この点、東京大学に入学する学生の両親の年収が高く、1,000万超が半分ということが殊更に強調されて報道されることもあってか、貧しい層の高等教育機会の確保をもっと図るべきといった主張もありうるが、そうであれば、年収要件を更に強化する選択肢も検討されて然るべきと考えられよう。

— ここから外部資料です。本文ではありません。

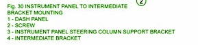 Fuse Panel Layout Diagram Parts: steering column support bracket, intermediate bracket, bracket mounting, dash panel, screw, instrument panel.

更には成績要件のあり方についても議論の余地がある。特に、貸与条件の良い無利子貸付の場合、成績要件は、入学時に高校成績のGPAが3.5以上、その後は学部内で上位3分の1以内とされている。大学の教育の質といった面で全く異なる大学、学部間で、どの大学の学部内でも上位3分の1以内であれば可とする現行の方式が本当に良いのかは、成績優秀者の絶対的な尺度、基準をどのように設定するのかといった技術的困難さの問題はあるにせよ、国民目線に立てば、公平な成績要件を追求すべきであろう。

3)最後に、奨学金が本当に有効に使われているのかといった観点の分析も重要となる。奨学金自体に使途の制限はないが、奨学金の存在自体が、余計な支出を誘引しているとすれば問題であり、この点に関しての分析も必要ではなかろうか。現に、奨学金受給者の方が、非受給者より海外旅行等の遊興費に支出する傾向が見られることを指摘する研究もあり、こうした分析の精緻化についても奨学金を巡る議論に当たっては、留意すべきと考えられる。

以上、奨学金拡充論に係る論点をいくつか提示してきたが、重要なことは、要すれば、どういう層がどういう面で、教育機会の喪失というリスクに晒されているのか、逆の視点からすれば、奨学金政策が教育の機会均等の観点から具体的にどのような政策効果を齎しているのかといった観点から、単なる抽象論に留まらない、実証的で説得力のある分析の上に立った政策論議が求められるということである。この点で、奨学金政策に関して、我が国で十分な議論がこれまで積み重ねられてきたかについては、正直心許ないのではないかというのが筆者の率直な思いである。私見では、奨学金は社会構造の格差是正と向学心改善に寄与すべきであり、限られた資源は、可能な限り、貧しい家庭でありながら、頑張って非常に良い成績をとった方に集中することが、公正に適うと共に、効果的なインセンティヴとなると考えるが、いかがであろうか。